Golicnik Marko, Olguin Luis F, Feng Guoqiang, Baxter Nicola J, Waltho Jonathan P, Williams Nicholas H, Hollfelder Florian
Department of Biochemistry, University of Cambridge, Cambridge CB2 1GA, United Kingdom.
J Am Chem Soc. 2009 Feb 4;131(4):1575-88. doi: 10.1021/ja806421f.

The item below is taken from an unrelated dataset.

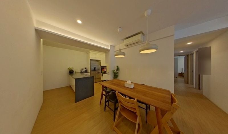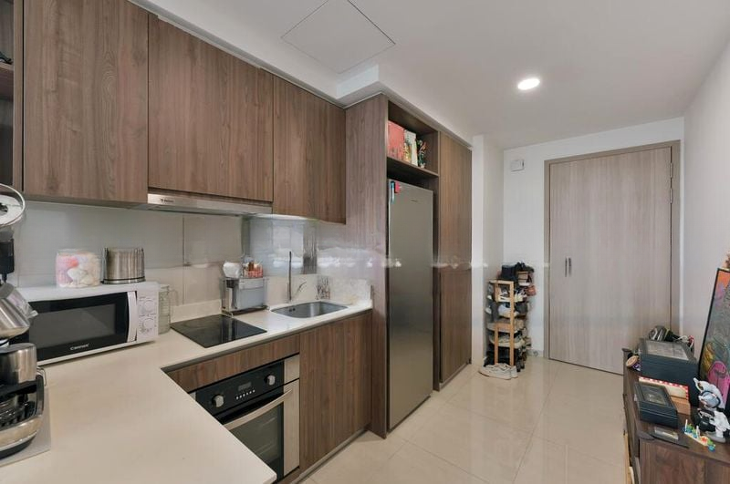 This well-maintained 1-bedroom unit features a thoughtfully designed open concept layout, perfect for both entertaining and everyday living. The kitchen boasts dark wood cabinetry, an island counter, and integrated appliances, while the living area offers a cozy retreat with a patterned rug and wall-mounted air conditioning. The bedroom is a haven of comfort, featuring a platform bed with storage, built-in shelving, and a textured feature wall that adds a touch of elegance.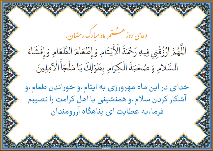 دعای روز هشتم ماه مبارک رمضان

The isomerization of beta-glucose-1-phosphate (betaG1P) to beta-glucose-6-phosphate (G6P) catalyzed by beta-phosphoglucomutase (betaPGM) has been examined using steady- and presteady-state kinetic analysis. In the presence of low concentrations of beta-glucose-1,6-bisphosphate (betaG16BP), the reaction proceeds through a Ping Pong Bi Bi mechanism with substrate inhibition (kcat = 65 s(-1), K(betaG1P) = 15 microM, K(betaG16BP) = 0.7 microM, Ki = 122 microM). If alphaG16BP is used as a cofactor, more complex kinetic behavior is observed, but the nonlinear progress curves can be fit to reveal further catalytic parameters (kcat = 74 s(-1), K(betaG1P) = 15 microM, K(betaG16BP) = 0.8 microM, Ki = 122 microM, K(alphaG16BP) = 91 microM for productive binding, K(alphaG16BP) = 21 microM for unproductive binding). These data reveal that variations in the substrate structure affect transition-state affinity (approximately 140,000-fold in terms of rate acceleration) substantially more than ground-state binding (110-fold in terms of binding affinity). When fluoride and magnesium ions are present, time-dependent inhibition of the betaPGM is observed. The concentration dependence of the parameters obtained from fitting these progress curves shows that a betaG1P x MgF3(-) x betaPGM inhibitory complex is formed under the reaction conditions. The overall stability constant for this complex is approximately 2 x 10(-16) M(5) and suggests an affinity of the MgF3(-) moiety to this transition-state analogue (TSA) of < or = 70 nM. The detailed kinetic analysis shows how a special type of TSA that does not exist in solution is assembled in the active site of an enzyme. Further experiments show that under the conditions of previous structural studies, phosphorylated glucose only persists when bound to the enzyme as the TSA. The preference for TSA formation when fluoride is present, and the hydrolysis of substrates when it is not, rules out the formation of a stable pentavalent phosphorane intermediate in the active site of betaPGM.
已使用稳态和预稳态动力学分析研究了由β - 磷酸葡萄糖变位酶(βPGM)催化的β - 葡萄糖 - 1 - 磷酸(βG1P)异构化为β - 葡萄糖 - 6 - 磷酸(G6P)的过程。在低浓度的β - 葡萄糖 - 1,6 - 二磷酸(βG16BP)存在下,反应通过乒乓双底物机制进行,存在底物抑制(kcat = 65 s(-1),K(βG1P) = 15 μM,K(βG16BP) = 0.7 μM,Ki = 122 μM)。如果使用αG16BP作为辅因子,则会观察到更复杂的动力学行为,但非线性进程曲线可以拟合以揭示更多催化参数(kcat = 74 s(-1),K(βG1P) = 15 μM,K(βG16BP) = 0.8 μM,Ki = 122 μM,对于有效结合K(αG16BP) = 91 μM,对于无效结合K(αG16BP) = 21 μM)。这些数据表明,底物结构的变化对过渡态亲和力(以速率加速计约为140,000倍)的影响远大于基态结合(以结合亲和力计为110倍)。当存在氟化物和镁离子时,会观察到βPGM的时间依赖性抑制。从拟合这些进程曲线获得的参数的浓度依赖性表明,在反应条件下形成了βG1P x MgF3(-) x βPGM抑制复合物。该复合物的整体稳定性常数约为2 x 10(-16) M(5),表明MgF3(-)部分对这种过渡态类似物(TSA)的亲和力≤70 nM。详细的动力学分析表明了一种在溶液中不存在的特殊类型的TSA是如何在酶的活性位点组装的。进一步的实验表明,在先前结构研究的条件下,磷酸化葡萄糖仅在作为TSA与酶结合时才会持续存在。存在氟化物时对TSA形成的偏好以及不存在氟化物时底物的水解,排除了在βPGM活性位点形成稳定的五价磷烷中间体的可能性。